Problem to solve
The material below holds pictures, which are to be left out; copy exactly the lines from the one with "Primăria Municipiului Roșiori" through the one with "Cooking Performance &".

*** Source records Section Begins ***

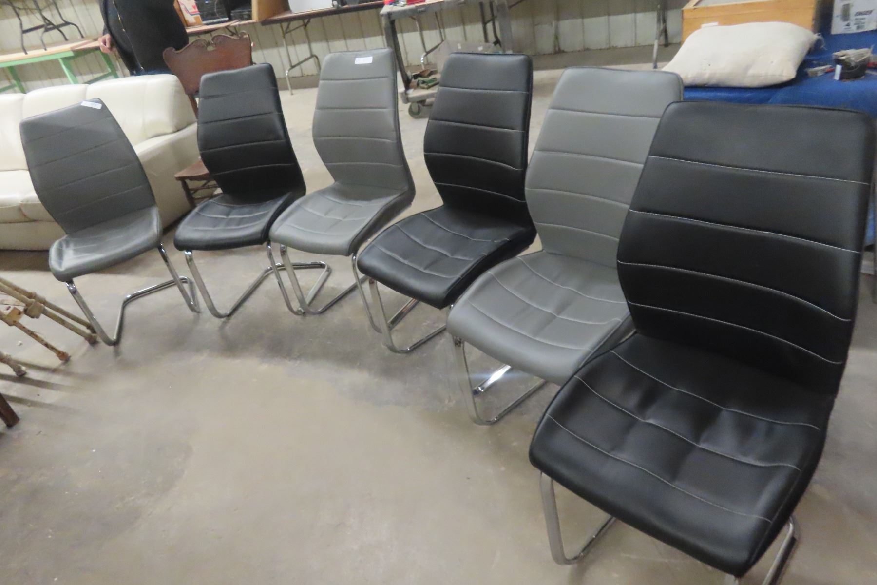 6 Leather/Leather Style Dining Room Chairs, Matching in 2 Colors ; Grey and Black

*** Source records Section Ends ***
*** Source records Section Begins ***

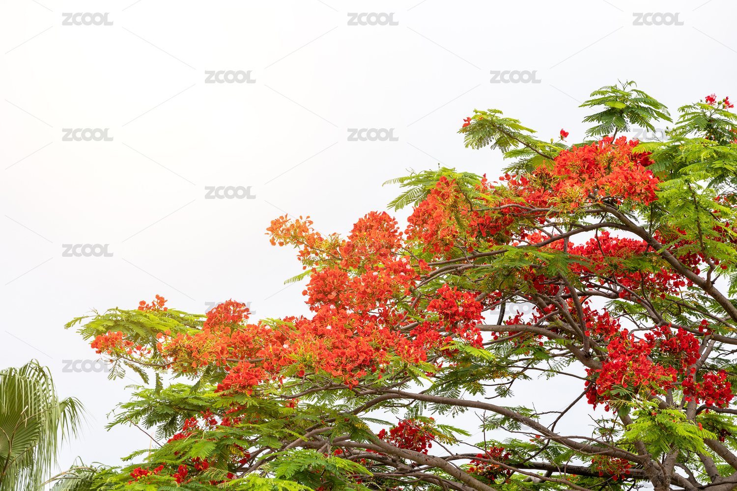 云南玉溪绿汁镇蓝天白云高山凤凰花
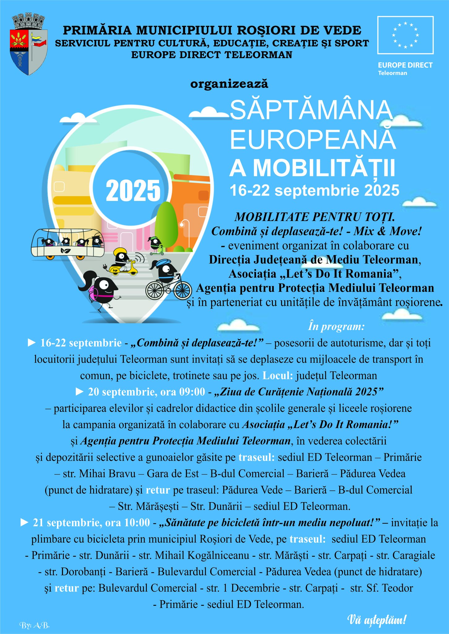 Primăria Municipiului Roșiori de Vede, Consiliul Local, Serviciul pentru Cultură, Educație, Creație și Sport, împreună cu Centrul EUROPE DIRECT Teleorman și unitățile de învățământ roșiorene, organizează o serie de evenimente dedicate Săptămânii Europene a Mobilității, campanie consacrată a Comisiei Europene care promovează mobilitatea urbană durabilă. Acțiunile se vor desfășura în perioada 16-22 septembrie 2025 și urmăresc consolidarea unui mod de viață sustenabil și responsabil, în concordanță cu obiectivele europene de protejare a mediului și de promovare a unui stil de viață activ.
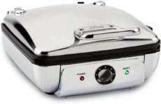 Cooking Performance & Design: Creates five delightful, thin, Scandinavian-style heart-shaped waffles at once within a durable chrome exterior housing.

*** Source records Section Ends ***

Task output
 Primăria Municipiului Roșiori de Vede, Consiliul Local, Serviciul pentru Cultură, Educație, Creație și Sport, împreună cu Centrul EUROPE DIRECT Teleorman și unitățile de învățământ roșiorene, organizează o serie de evenimente dedicate Săptămânii Europene a Mobilității, campanie consacrată a Comisiei Europene care promovează mobilitatea urbană durabilă. Acțiunile se vor desfășura în perioada 16-22 septembrie 2025 și urmăresc consolidarea unui mod de viață sustenabil și responsabil, în concordanță cu obiectivele europene de protejare a mediului și de promovare a unui stil de viață activ.
 Cooking Performance & Design: Creates five delightful, thin, Scandinavian-style heart-shaped waffles at once within a durable chrome exterior housing.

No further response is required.